The Secretary of the Prairie Print Makers at this time was James Swann. This letter is from the James Swann Archives at the Cedar Rapids Museum of Art.
“December 16, 1957
The three parcels of prints of “The Far Shore” have reached me and I have mailed out most of the prints to the paid up members. I am holding two that just came in from San Antonio, Texas as I hate to put them in the mails at this time. I wrote these members that the prints would be mailed after Christmas.
I enclose herewith the Prairie Print Makers check in the amount of $150 for the publication prints and thank you again for making us such a fine print.”

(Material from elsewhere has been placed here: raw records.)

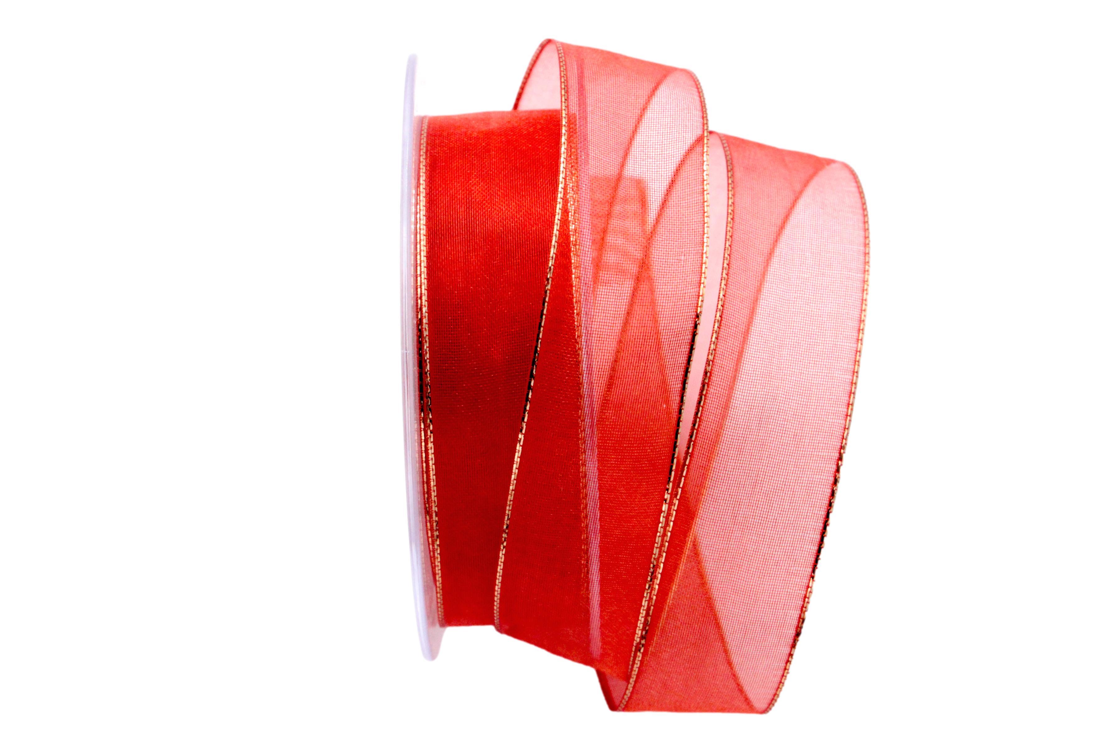 Länge: 20m Breite: 25mm Farbe: rot / Goldkante Material 100 % Polyester Ein einfaches aber farbenstarkes Organzaband mit seitlicher Drahtkante zum sensationellen Tiefpreis. Ideal für Bastler, Verpacker und Dekorierende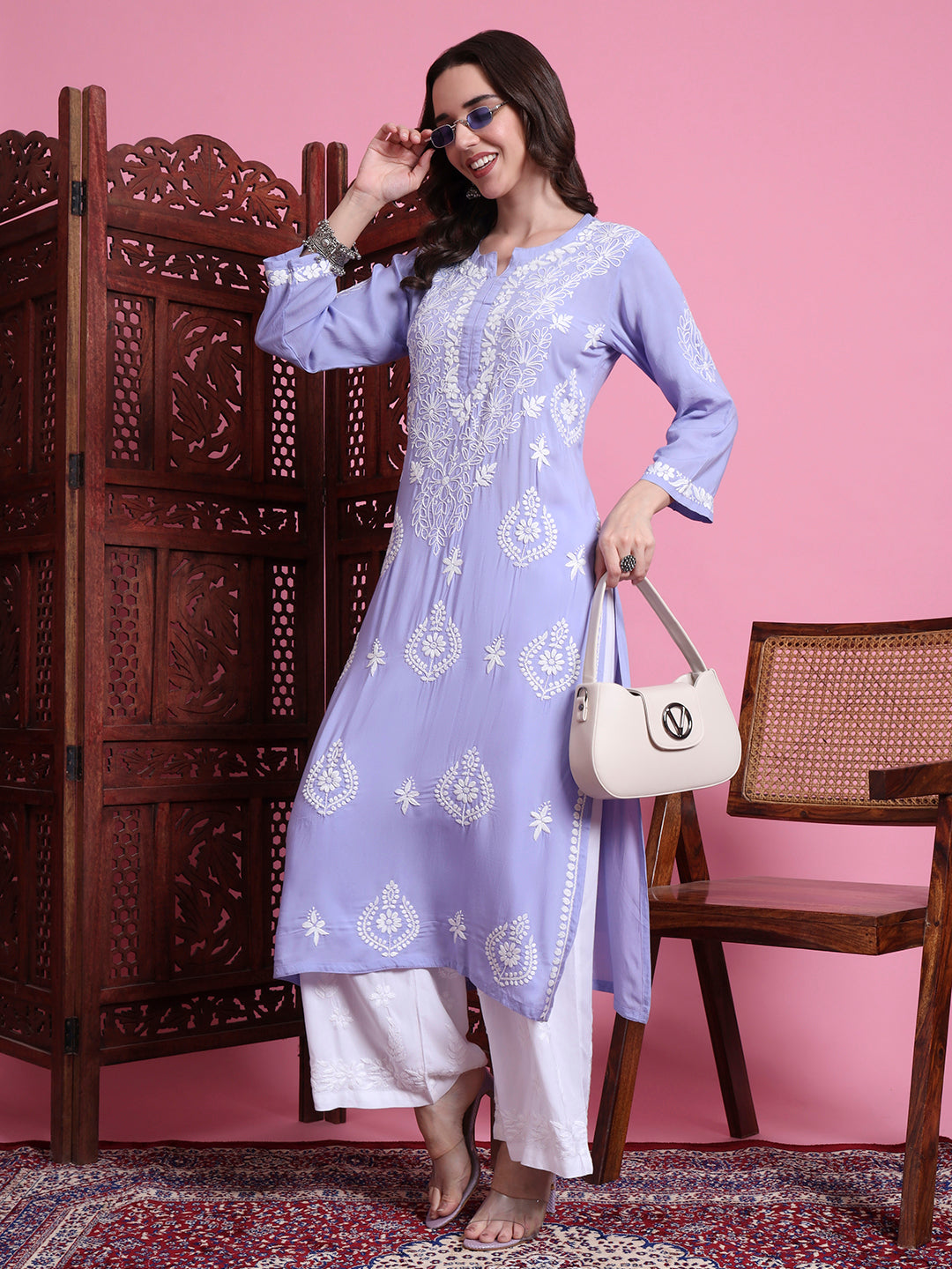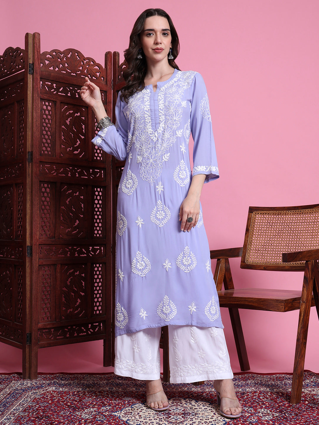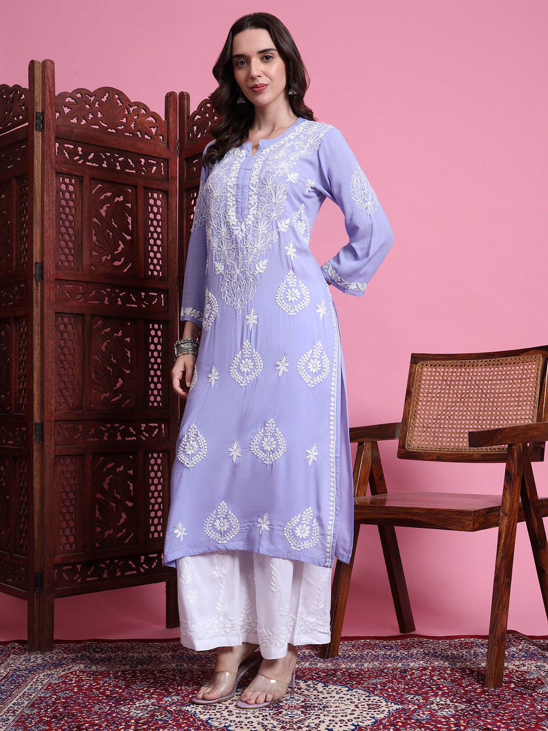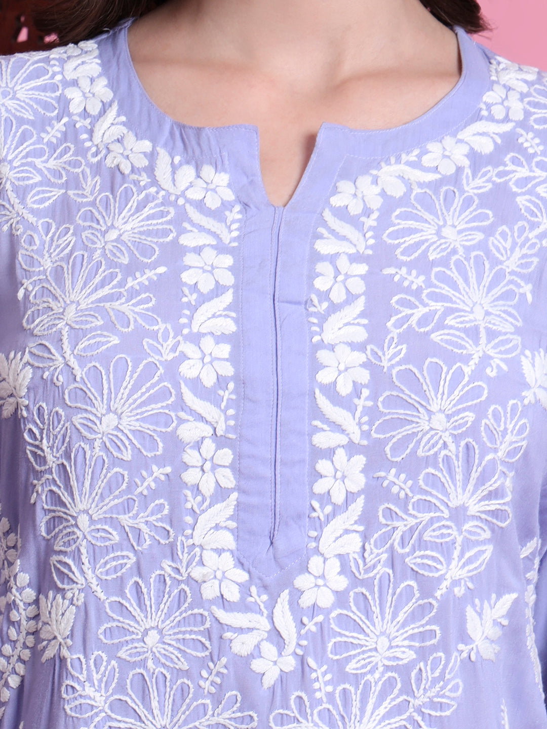The "SUFIZA" Chikankari Hand Embroided Purple Color Kurta perfect Office and Casual Wear. The Kurta is 45 inches long Straight Style. Perfect Kurta to look different in the crowd.
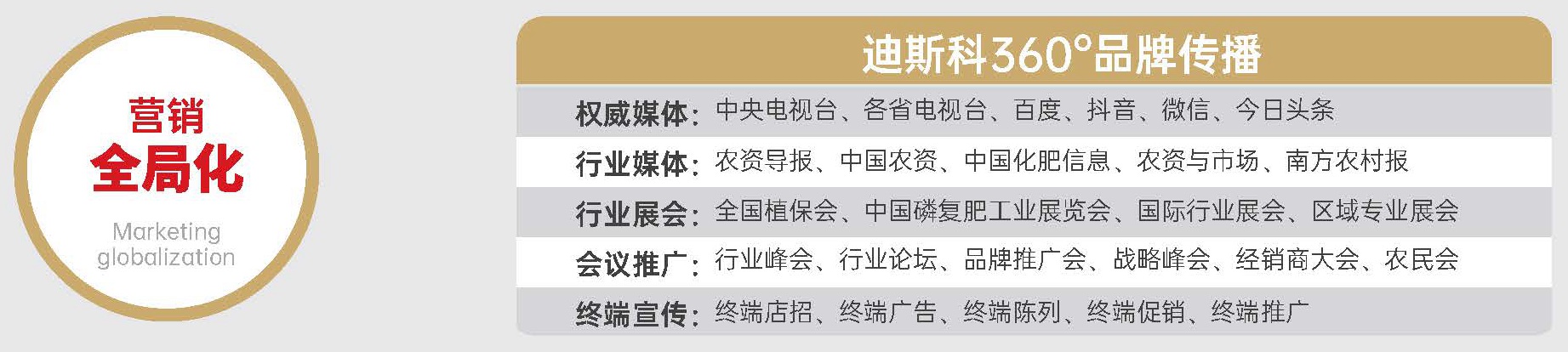 迪斯科专注于农业科技的研究应用以及农业相关领域的事业发展,重点聚焦高端肥料领域的顶尖科技和前沿发展方向,用科技创新推动现代农业的可持续发展。迪斯科始终立足中国,在中国设有湖北宜昌、湖北枝江、河北廊坊、甘肃金昌4大生产基地,形成“一主两翼”、南北呼应、陆海联动、互联互通的产业布局。同时,积极拓展全球战略布局,通过设立全球办事机构、建立全球技术合作、开展行业技术交流、加强国际贸易往来、深化企业战略合作等举措,构建优势互补、多方共赢的大农业生态圈,协同发力,创造更高的价值,为世界农业长远发展持续赋能。

Swann is referring to “Associate Members” of the Prairie Print Makers. These were individuals who paid $5.00 per year for their membership. In return, they received a “Presentation Print” and the knowledge that they were supporting the artists involved in making prints. It looks like the cost per print was $0.75. Mailing was probably another $0.25 for a total of $1.00 – netting $4.00 for the group. This money was used to pay Swann’s “salary” and to cover the costs of PPM art shows.
Obviously, Swann needed to make some additional income to live in the city of Chicago. Besides selling his own prints, he had an “art gallery” of prints in his basement to sell to the public. At one point, he had over 20,000 prints and represented many of the best print makers. One of his artists was Stow Wengenroth. Swann’s letter continues . . .
“The man who bought the five lithographs some time ago has just this minute left with them . . . And I enclose also my check for the following:
Season’s End. $18.00
Downy Woodpeckers. $15.00
Hidden Grove. $6.00
Less 1/3. $33.00
My check. $66.00
I hope that you have a nice Christmas. . . I leave on Wednesday morning for Texas . . . To be gone until the 28th of December.
Very Sincerely, Jimmie”
This letter gives us some insight into the lives of print artists. Both Wengenroth and Swann lived entirely off of their art income. Although, the 1950’s were much better for artists than the 30’s, it was not a lucrative career. In fact, except for a few very successful artists, it remains so today.
One of the prints sold by Swann was “Winter”:
Wengenroth received many honors and awards. He was elected to the National Academy of Design in 1938. This was a prestigious honor and confirmation of his artistic talents from his peers. To become a member, new nominees had to be voted in by a majority of existing members. James Swann applied for membership in 1957. Here is the letter Wengenroth sent to Swann after his vote:
Sure hope you make the Academy. I had the pleasure of sending in my ballot a few days ago with a great big check in the yes column after your name.
Thank you for your note. The show is going very well – better than I would have hoped for.
Was amused at the page from the catalogue you sent. I have seen my name spelled many strange ways but this certainly shows the most originality! Too bad I was not more attentive in school during penmanship class.
Cordially, Stow W.”
(Author’s note: I agree with W.. He should have worked a little harder on his penmanship in school.)
Swann was also supported by such notables as Gene Kloss, Robert von Neumann, Reynold Weidenaar, James Havens and Luigi Lucioni. Unfortunately, he was not elected to the Academy.
Wengenroth continued to produce very fine etchings well past normal “retirement age.” Two of my favorites are Flat Rock Cove that he created when he was 65 and Old North Church when he was 70.
Throughout his career Wengenroth produced 369 different lithographs and many more drybrush drawings. After his first wife passed away in 1970, he took up watercolor. He had not worked in watercolor since the 1920’s and produced a remarkable but small body of watercolors. Most were not signed by the artist.
He died on January 22, 1978 in Gloucester, Massachusetts.